▼

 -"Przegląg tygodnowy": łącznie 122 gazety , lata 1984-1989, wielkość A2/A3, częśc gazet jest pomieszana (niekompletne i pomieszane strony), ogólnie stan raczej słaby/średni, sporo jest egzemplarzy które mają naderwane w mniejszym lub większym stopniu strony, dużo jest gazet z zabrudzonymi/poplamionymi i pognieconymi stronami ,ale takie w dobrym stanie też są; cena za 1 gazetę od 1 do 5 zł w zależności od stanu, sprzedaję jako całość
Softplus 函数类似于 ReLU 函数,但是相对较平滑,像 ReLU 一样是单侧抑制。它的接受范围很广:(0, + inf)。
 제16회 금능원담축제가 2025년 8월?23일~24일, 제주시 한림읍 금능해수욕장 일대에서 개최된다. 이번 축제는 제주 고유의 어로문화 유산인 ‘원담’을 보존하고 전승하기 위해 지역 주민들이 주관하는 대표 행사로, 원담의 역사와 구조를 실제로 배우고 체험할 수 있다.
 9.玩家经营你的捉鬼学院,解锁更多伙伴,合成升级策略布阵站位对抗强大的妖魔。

▲
▼

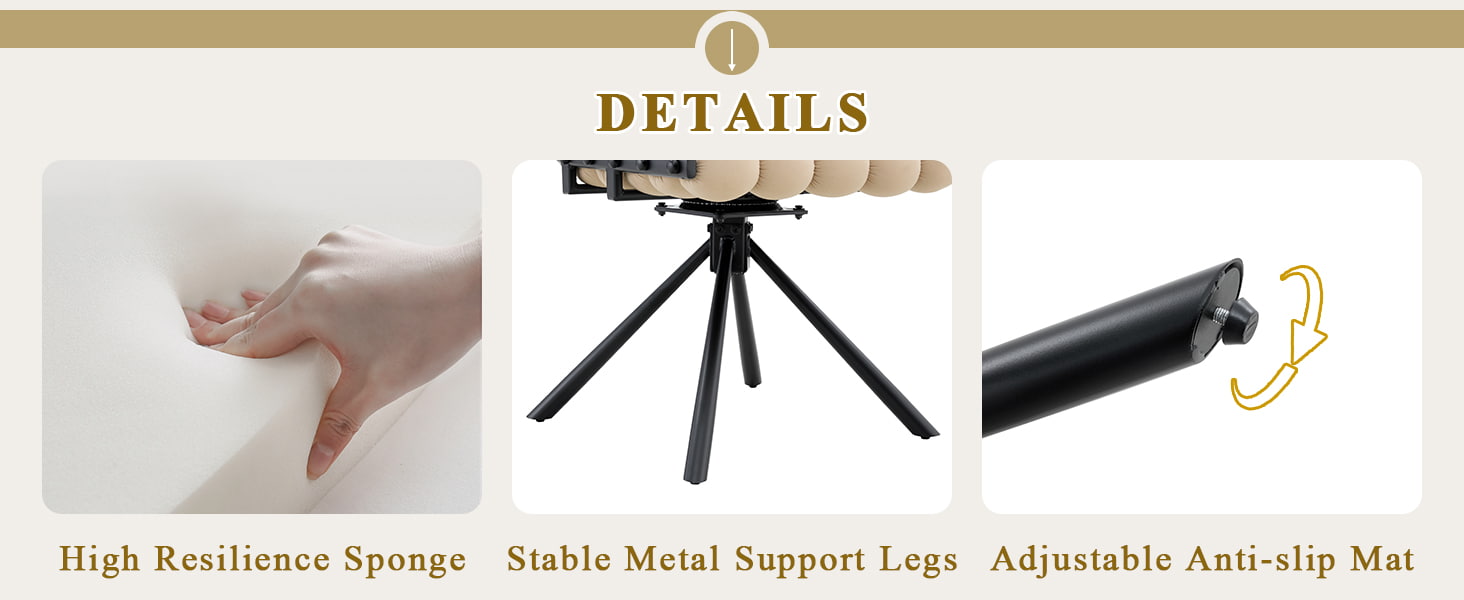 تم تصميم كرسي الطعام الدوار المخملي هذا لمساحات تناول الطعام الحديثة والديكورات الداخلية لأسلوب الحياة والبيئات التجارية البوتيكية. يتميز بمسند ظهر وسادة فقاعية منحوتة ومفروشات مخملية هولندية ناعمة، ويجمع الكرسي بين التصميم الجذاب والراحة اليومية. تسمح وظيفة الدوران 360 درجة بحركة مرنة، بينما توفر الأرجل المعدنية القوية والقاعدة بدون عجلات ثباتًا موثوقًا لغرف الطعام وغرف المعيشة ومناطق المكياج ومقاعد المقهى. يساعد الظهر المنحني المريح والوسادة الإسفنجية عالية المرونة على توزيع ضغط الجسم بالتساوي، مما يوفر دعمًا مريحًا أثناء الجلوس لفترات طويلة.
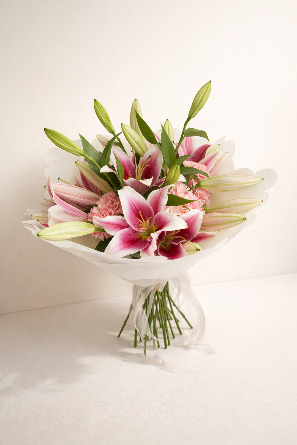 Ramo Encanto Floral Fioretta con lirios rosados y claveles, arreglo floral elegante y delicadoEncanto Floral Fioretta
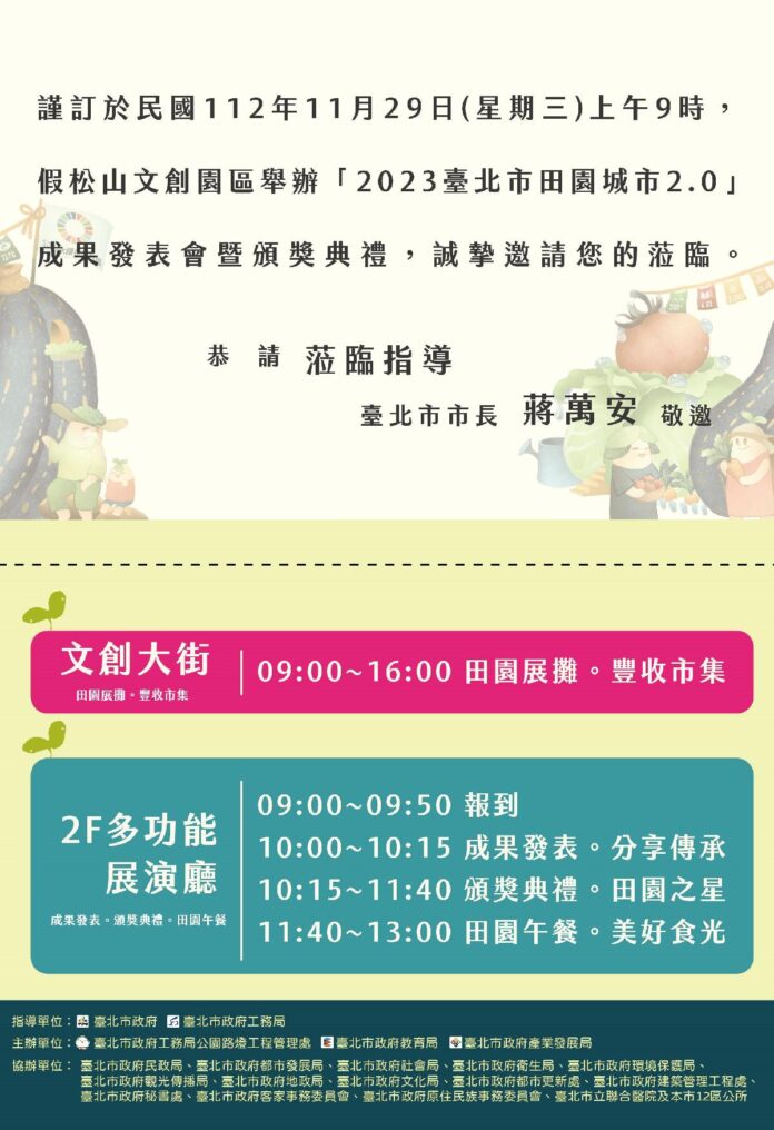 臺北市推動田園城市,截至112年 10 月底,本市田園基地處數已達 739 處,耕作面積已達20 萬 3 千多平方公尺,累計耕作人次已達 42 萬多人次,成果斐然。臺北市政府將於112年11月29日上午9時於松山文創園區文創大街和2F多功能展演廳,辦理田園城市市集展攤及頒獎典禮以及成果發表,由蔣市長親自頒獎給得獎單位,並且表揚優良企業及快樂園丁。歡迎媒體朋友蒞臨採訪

▲

> ASSIGNED TASK: Given the entries above, transcribe exactly the lines from the one holding "Ramo Encanto Floral" through the one holding "臺北市推動田園城市,截至112年 10 月底,本市田園基地處數已達"; pictures do not belong in the transcription.

> REPLY TO THE EXERCISE:
 Ramo Encanto Floral Fioretta con lirios rosados y claveles, arreglo floral elegante y delicadoEncanto Floral Fioretta
 臺北市推動田園城市,截至112年 10 月底,本市田園基地處數已達 739 處,耕作面積已達20 萬 3 千多平方公尺,累計耕作人次已達 42 萬多人次,成果斐然。臺北市政府將於112年11月29日上午9時於松山文創園區文創大街和2F多功能展演廳,辦理田園城市市集展攤及頒獎典禮以及成果發表,由蔣市長親自頒獎給得獎單位,並且表揚優良企業及快樂園丁。歡迎媒體朋友蒞臨採訪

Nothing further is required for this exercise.